If I have a set of $N$ i.i.d. random variables $X$ with sample mean $\bar{X}=\frac{1}{N}\sum_i^N X_i$, does Slutsky's theorem http://en.wikipedia.org/wiki/Slutsky%27s_theorem imply that $$ E\left[\frac{X_i X_i}{\bar{X}}\right] = \frac{E[X_i^2]}{E[\bar{X}]}. $$ I'm not particularly familiar with the notation used in probability theory so the wiki is not clear to me. If the above is not true, are there certain certain constraints I can place on $X$ which make it true?

Answer 1

As it is evident in the link you provided, Slutsky's lemma is concerned with probability limits and convergence in distribution, not with expected values. Moreover, the equality stated in the question is not correct, because (apart from the other issues raised in the comments), the numerator is not independent from the denominator, and so the expected value does not distribute. And, by construction, you cannot make it independent by "placing restrictions on $X$".
But the equality does hold "asymptotically".

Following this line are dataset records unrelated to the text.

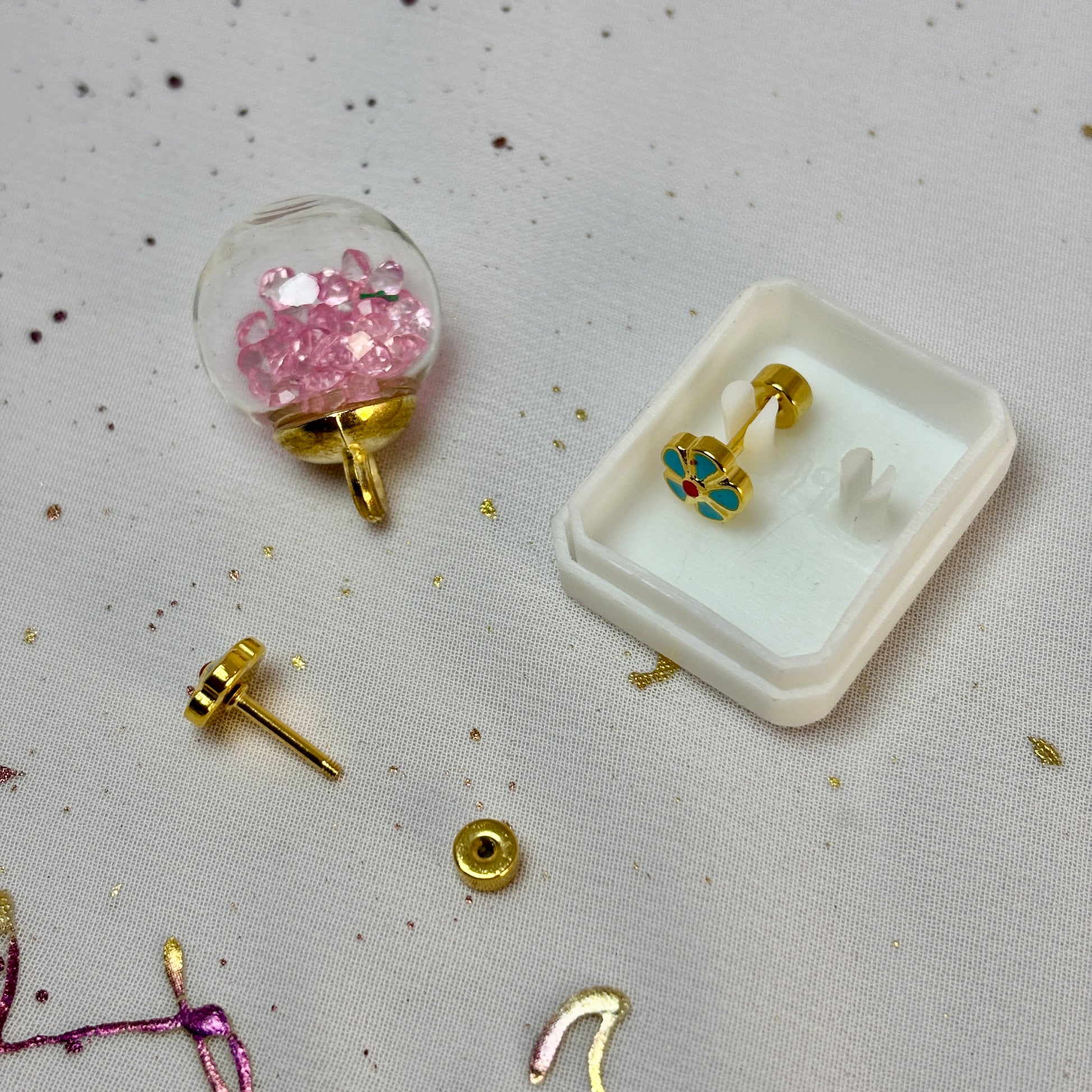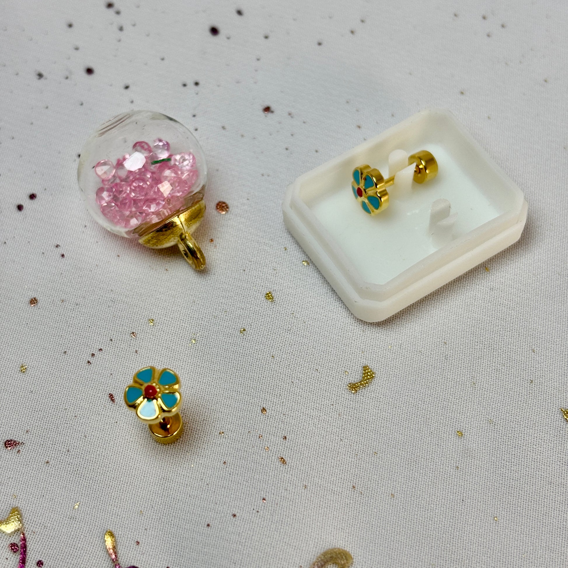 Mini Aros Acero Quirúrgico Dorado Flor Azul - Tope Tornillo
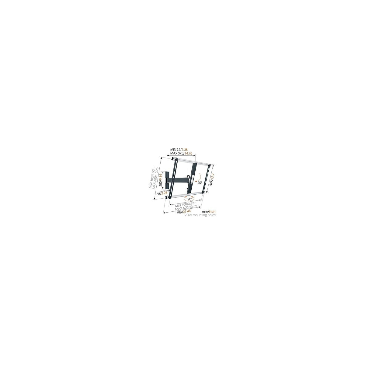 support mural 40 - 65 '' / 102 - 165 cm fonction : turn 120° vesa : 600 de la marque vogel's. en achetant ce produit, vous profiterez d'une garantie de 2 ans !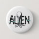 Stand out with this unique button. The word "ALIEN" is creatively styled with an octopus-like alien replacing the letter "I" in the middle. Perfect for sci-fi lovers, this fun and quirky design adds a bold, extraterrestrial touch to your look.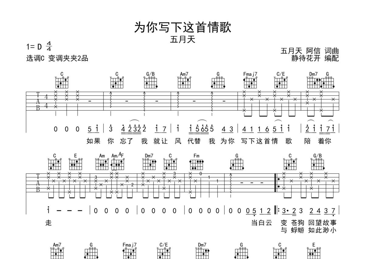 五月天《为你写下这首情歌》吉他谱 - C调弹唱六线谱
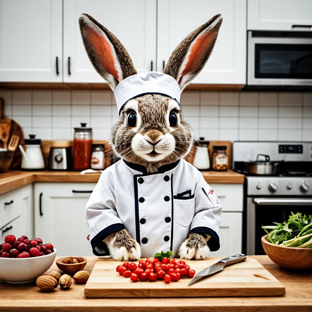 A cartoon rabbit dressed in a white chef's jacket with red trim stands behind a kitchen counter. The scene shows a wooden cutting board with a seafood dish garnished with nuts and berries. The background features a modern kitchen with wooden cabinets and stainless steel appliances. The rabbit has a mischievous expression, adding a whimsical and fun vibe to the culinary setting.

Assume that $E(X_i^2)$ exists and is finite. Then $E(X_i)$ also exists and is finite. Make the additional assumpion that $E(X_i) =\mu \neq 0$.

Let's apply Slutsky's lemma: $X_i^2$ trivially converges in distribution to itself (it does not depend on $N$), while $\bar X$ converges in probability to the non-zero mean $\mu$, which is a constant. Then Slutsky's lemma says that

$$\frac{X_i ^2}{\bar{X}} \xrightarrow{d} \frac{X_i^2 }{E(\bar X)} \equiv Z$$

The expected value of the limiting random variable will be

$$E(Z) = E\left(\frac{X_i^2 }{E(\bar X)}\right) = \frac{E[X_i^2]}{E[\bar{X}]}$$

where here we "distributed" the expected value because the denominator is a constant.

But, the moments of the limiting distribution are not necessarily equal to the limit of the moments of the finite sample distribution. We need an additional condition for that, which is (for our particular case)

$$\exists \;\delta>0:\; E\left(\left|\frac{X_i ^2}{\bar{X}}\right|^{1+\delta}\right) < M<\infty \;\;\forall N$$

Then, what we can say is that

$$\lim_{N\rightarrow \infty}E\left[\frac{X_i^2 }{\bar{X}}\right] = E(Z) = \frac{E[X_i^2]}{E[\bar{X}]}$$

Another way to approach the matter, more intuitively but less formally, is to think that as $N$ grows very large, $X_i$ and $\bar X$ tend to become independent, since a single $X_i$ contributes relatively less and less to $\bar X$. So at the limit, we can distribute the expected value.